RECORD SET:

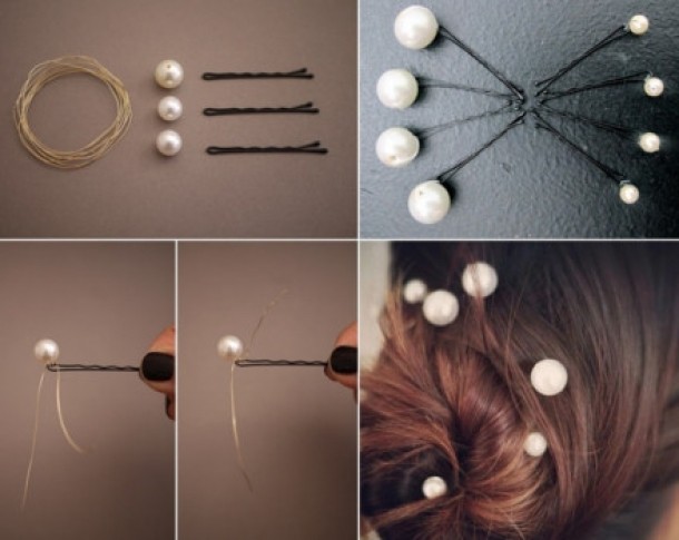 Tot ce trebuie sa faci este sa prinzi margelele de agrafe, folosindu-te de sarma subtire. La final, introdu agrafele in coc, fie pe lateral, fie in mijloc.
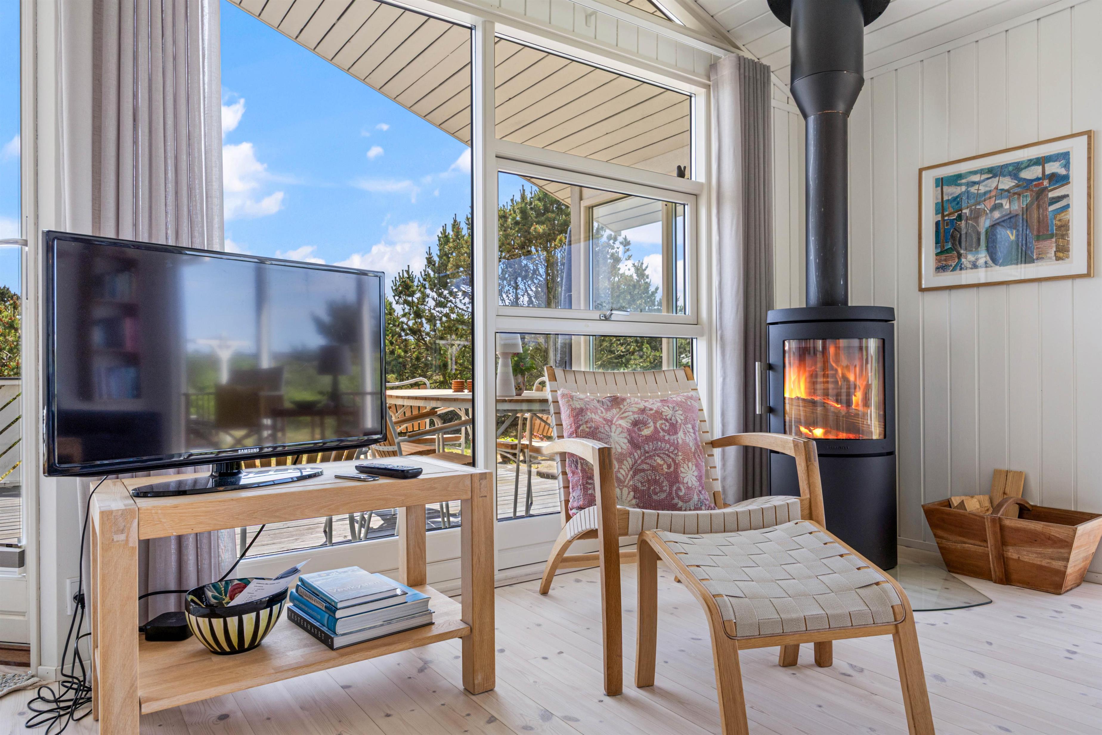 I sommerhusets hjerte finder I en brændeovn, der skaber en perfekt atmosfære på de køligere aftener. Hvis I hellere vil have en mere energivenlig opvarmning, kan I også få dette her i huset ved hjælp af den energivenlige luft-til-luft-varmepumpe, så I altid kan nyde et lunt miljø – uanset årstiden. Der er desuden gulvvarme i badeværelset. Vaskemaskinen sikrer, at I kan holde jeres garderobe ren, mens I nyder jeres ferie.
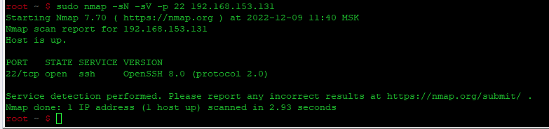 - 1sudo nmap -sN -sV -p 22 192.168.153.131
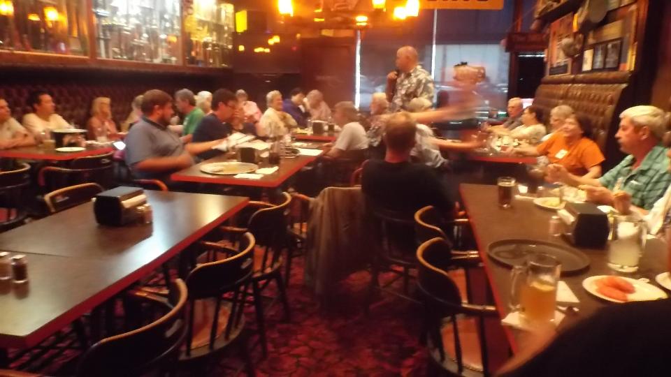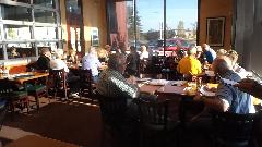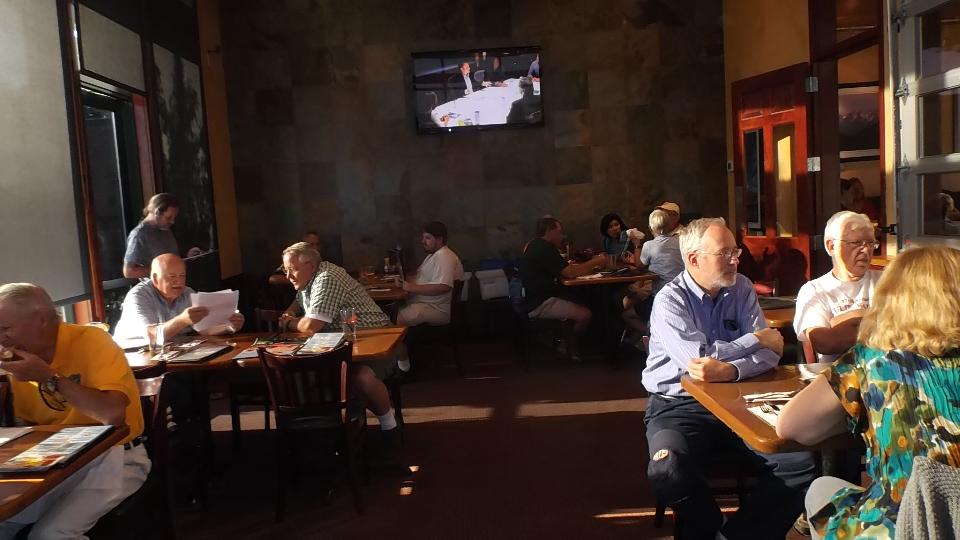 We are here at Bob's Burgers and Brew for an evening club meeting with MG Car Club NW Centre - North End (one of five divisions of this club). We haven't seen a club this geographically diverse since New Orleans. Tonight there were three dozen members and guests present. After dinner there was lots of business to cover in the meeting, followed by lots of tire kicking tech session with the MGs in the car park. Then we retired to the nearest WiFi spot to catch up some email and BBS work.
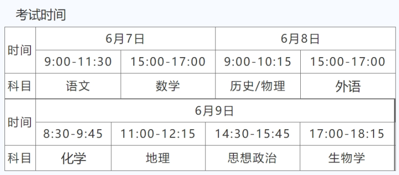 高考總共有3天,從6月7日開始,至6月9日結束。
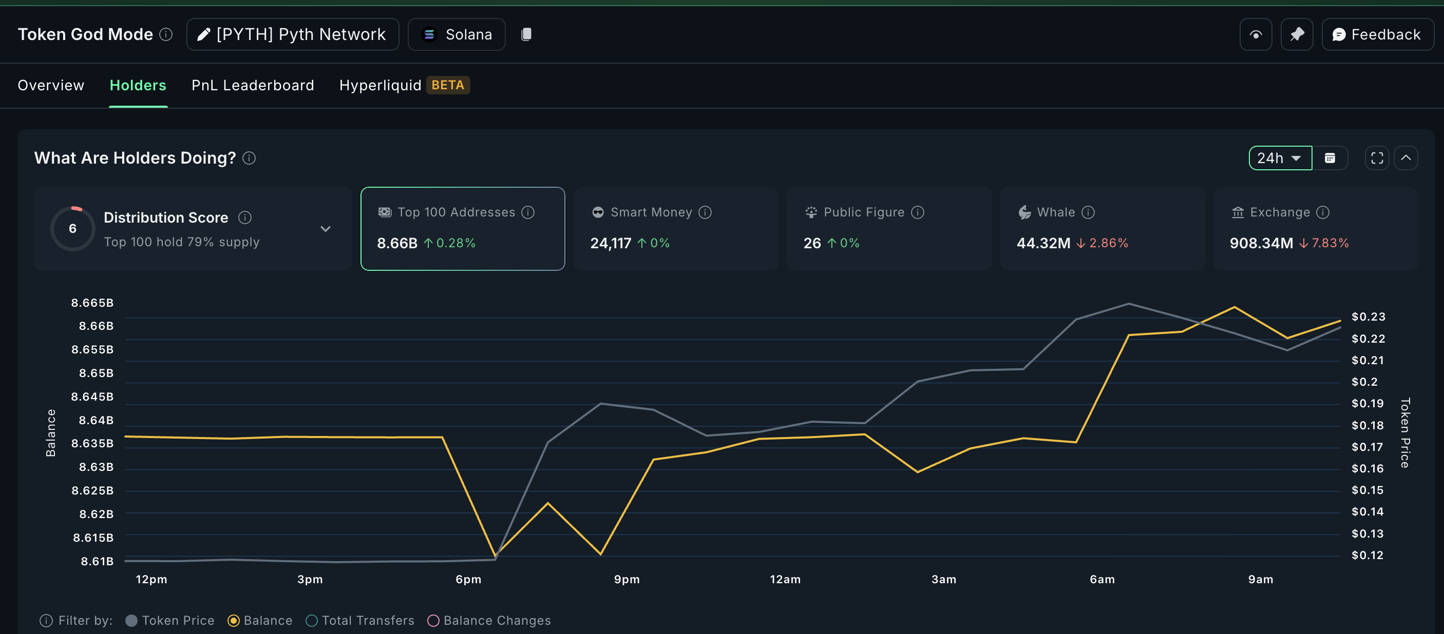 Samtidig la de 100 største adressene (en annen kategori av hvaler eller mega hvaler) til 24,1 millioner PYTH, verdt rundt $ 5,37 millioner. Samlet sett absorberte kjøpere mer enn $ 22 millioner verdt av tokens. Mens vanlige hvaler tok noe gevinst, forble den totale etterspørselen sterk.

HOW TO COMPLETE THIS TASK:
Although the records above contain pictures, the copy should not; retype exactly the lines from the one containing "We are here" through the one containing "高考總共有3天,從6月7日開始,至6月9日結束。".

SOLUTION FOR THIS TASK:
 We are here at Bob's Burgers and Brew for an evening club meeting with MG Car Club NW Centre - North End (one of five divisions of this club). We haven't seen a club this geographically diverse since New Orleans. Tonight there were three dozen members and guests present. After dinner there was lots of business to cover in the meeting, followed by lots of tire kicking tech session with the MGs in the car park. Then we retired to the nearest WiFi spot to catch up some email and BBS work.
 高考總共有3天,從6月7日開始,至6月9日結束。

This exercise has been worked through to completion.